In the Casas match, the doctor utilized the magical medical spray and Maximo pretty much dropped the selling. It was vaguely believable within the confines of CMLL, if not the greater whole of wrestling, and it didn't bother me too much. Here, past one or two bursts of adrenaline, he didn't drop the selling at all. It informed everything he did, either leaving him open to a cutoff, making him take too long to mount the ropes, or just adding a layer of struggle on top of whatever move he was successfully hitting (true even as he was locking in the half crab to win the segunda or RIGHT before his pop up power bomb to win the final fall). Everyone knew coming in he was going to win, but thanks to the level of detail he put into his performance, there was a real question of just how he was going to win.

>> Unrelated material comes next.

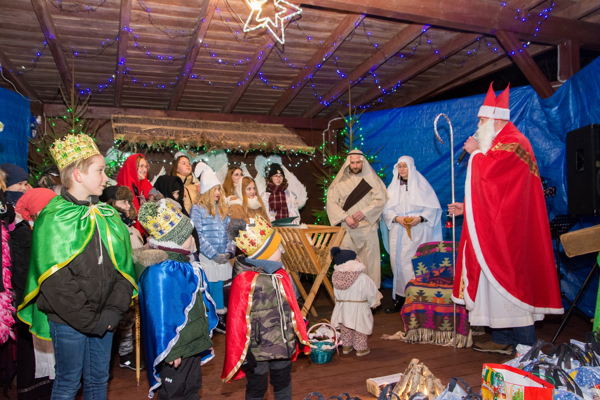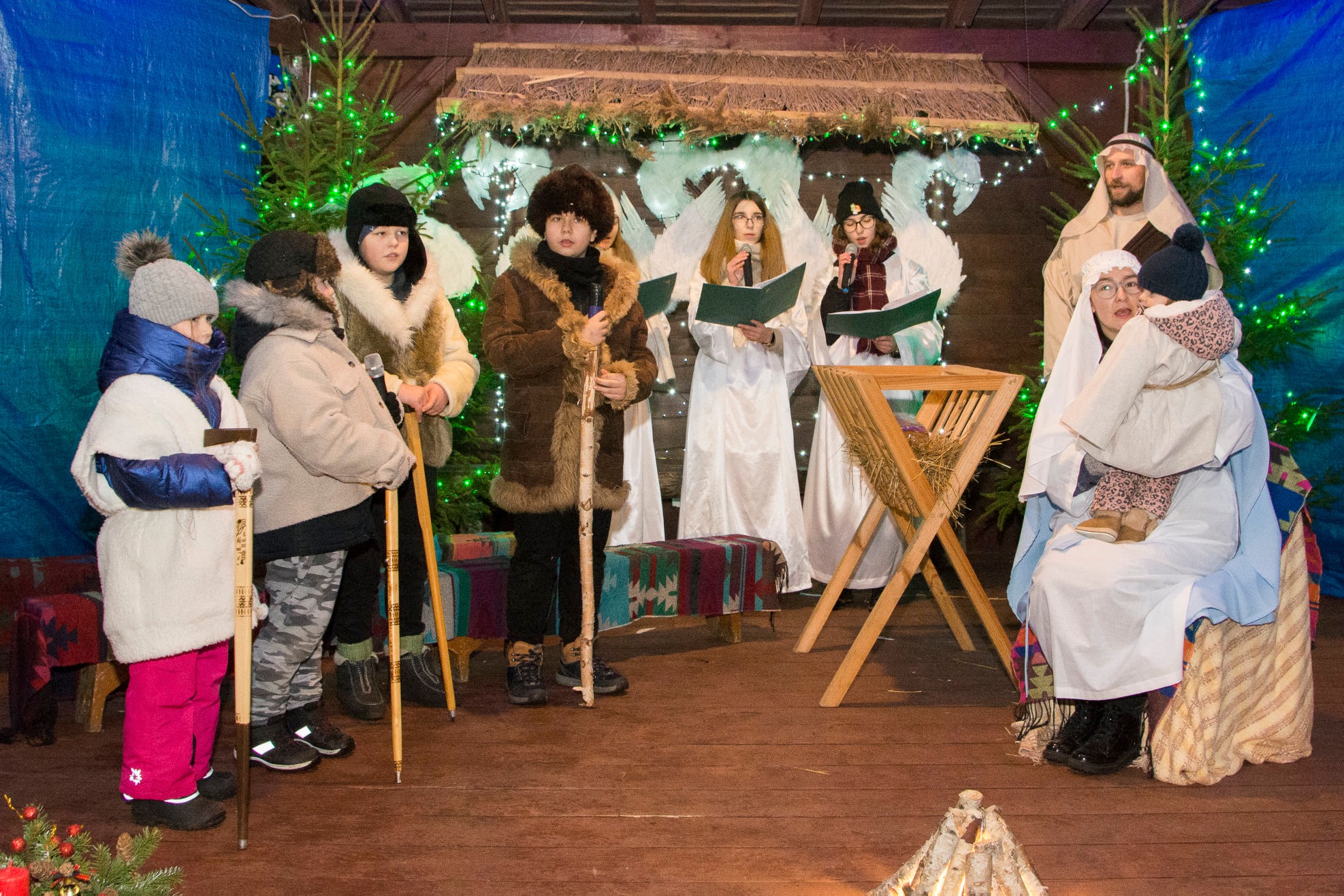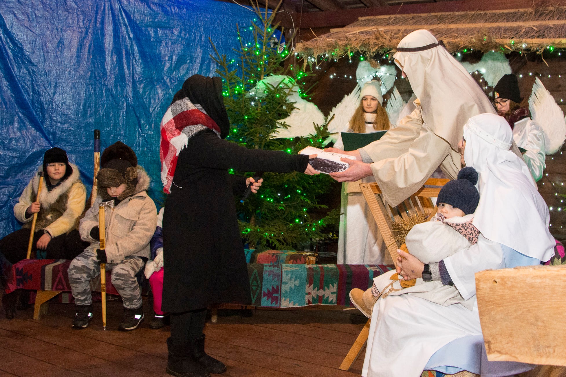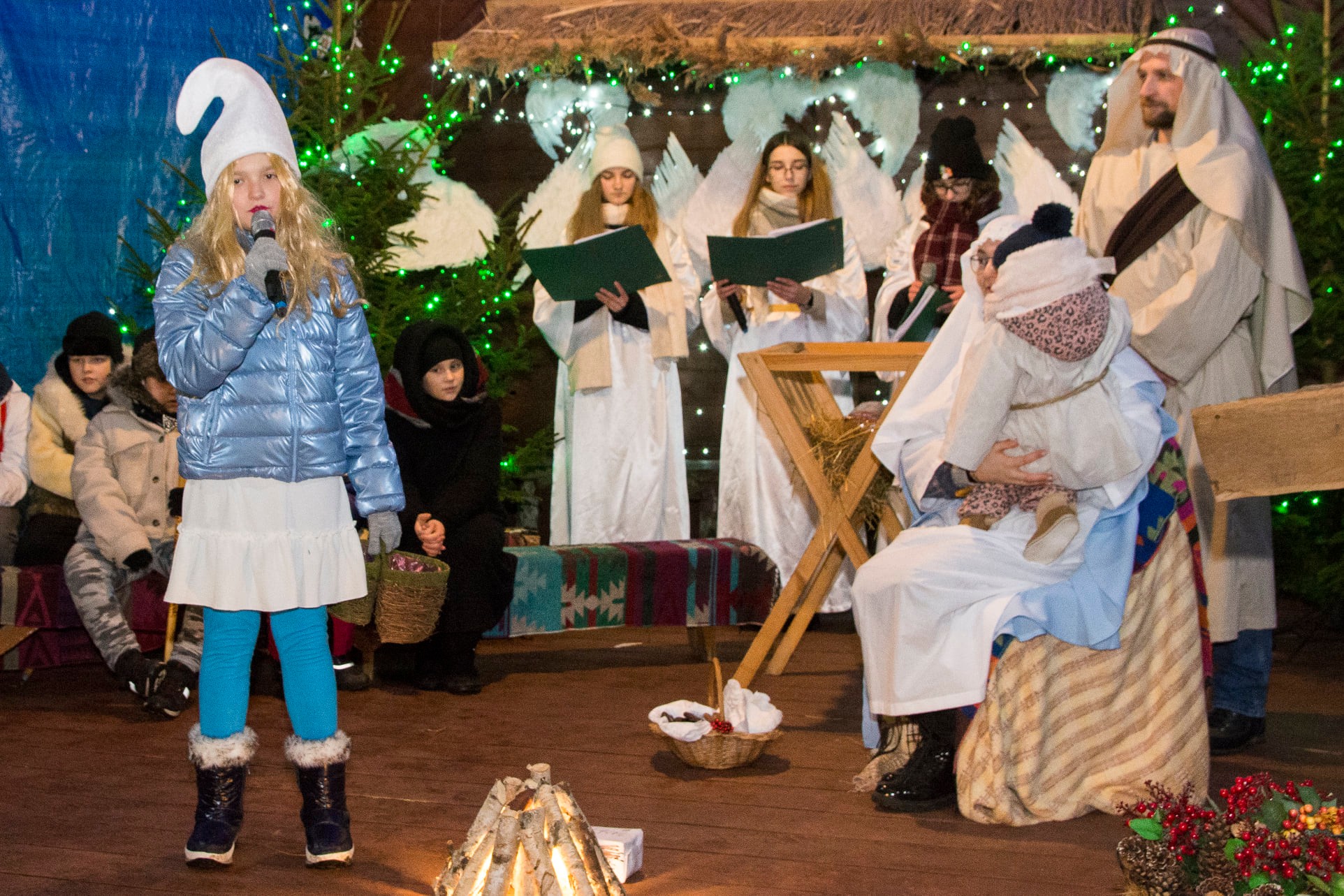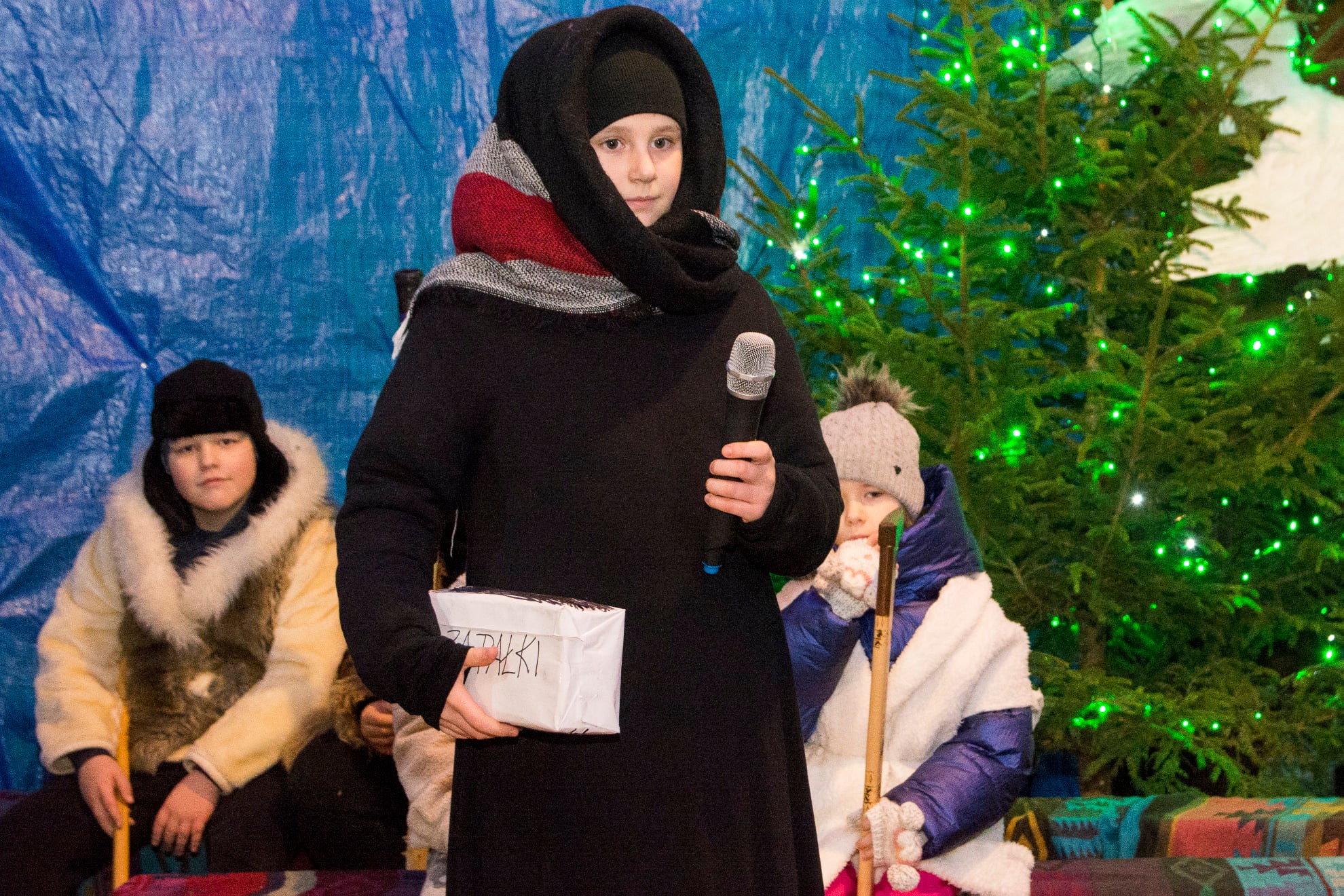 Każdy z uczestników jasełek włożył dużo serca w wykonanie strojów kostiumowych, za co bardzo dziękujemy. Dziękujemy także za podarowanie choinek przez Nadleśnictwo Jedwabno do przystrojenia Stajenki oraz za podwózkę Trzech Króli kabrioletem przez Denisa. Ogromne podziękowania dla Św. Mikołaja, który obdarował prezentami uczestników przedstawienia.

The finish had some BS, sure, but I'm more okay with that than a lot of people, so long as it's well done bs. CMLL is pretty good at being self-aware of it, adding an extra layer. This was absolutely the right sort of match to work in this moment, on this card. Maximo is one of the few tecnicos that is actually over as a tecnico. He garnered a ton of sympathy here in front of a crowd that desperately wanted to get behind him. While he's good and hits his stuff smoothly, there was no way he could match the spot-heavy Dragon Lee matches, so they had to go a different route, one that also wouldn't be utilized by Casas vs Parka later on. This was really the way to go and, to me, it showed the power of full commitment. Maximo was careful to only drop the selling once or twice and when he did, he made sure to sell immediately after hitting his move. It led to a level of immersion that you rarely get in this specific way in these matches and that helped to create a different, but maybe equally compelling, sort of match than the Dragon Lee vs Kamaitachi series or the Atlantis vs Sombra match.